Mamat memang penghibur bagi Emak. Di tengah kesendiriannya ditinggal almarhum suaminya dan anak-anaknya yang merantau entah kemana tanpa kabar berita, kehadiran Mamat sangat menghibur hatinya. Walaupun Mamat berbeda dari anak-anak lainnya, Emak sangat menyayangi Mamat seperti anaknya sendiri. Mamat ditemukan Emak ketika berumur 4 tahun di sebuah pinggir jalan, sedang menangis ketakutan. Seorang pedagang asongan melihat seorang perempuan muda meninggalkan Mamat sendirian. Emak tak tega melihat anak itu sendirian di jalanan. Emak membawa Mamat pulang, memandikannya dan memberinya makan. Anehnya Mamat mau saja dibawa Emak dan sejak itu Mamat tak pernah menangis lagi.

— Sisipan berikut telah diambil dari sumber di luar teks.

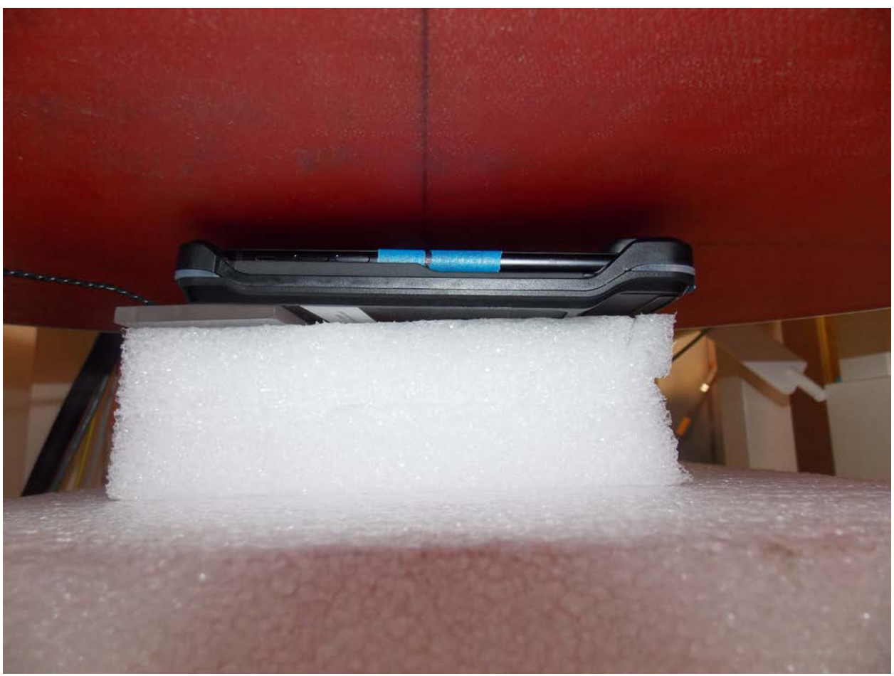
Body Front Configuration With Case 5 mm Gap

Telur rebus, oseng kacang panjang, tahu goreng dan sambal sudah tersedia. Mamat duduk bersila di lantai dan makan dengan lahapnya.

“Jangan buru-buru makannya,Mat...ntar keselek.”Emak mengingatkan.

“EENYAAKKK..” sahut Mamat. Mulutnya penuh dengan nasi. 

Makan siang hari ini terasa nikmat buat Emak dan Mamat. Emak menyimpan sisa makanan untuk malam nanti, lalu duduk di lantai sambil mengurut kakinya yang terasa pegal. Di usia yang menginjak 65 tahun dirinya merasa jadi cepat lelah dan mudah sakit-sakitan. 

“Mat, sini. Pijitin kaki Emak ya.”

Matahari mulai tenggelam, menyisakan langit gelap yang dihiasi bintang-bintang. Emak duduk di bale-bale sambil memejamkan mata dan menikmati pijitan Mamat di kakinya.

“Pijatannya enak. Nanti kamu jadi tukang pijat saja, Mat.” ujar Emak.
Mamat tidak menjawab. Dia asyik memijat kaki Emak. Kadang dia tidak mengerti apa maksud ucapan Emak. Namun, satu hal yang dia mengerti, Emak menyayanginya, dan dia juga menyayangi Emak, melebihi apapun di dunia ini.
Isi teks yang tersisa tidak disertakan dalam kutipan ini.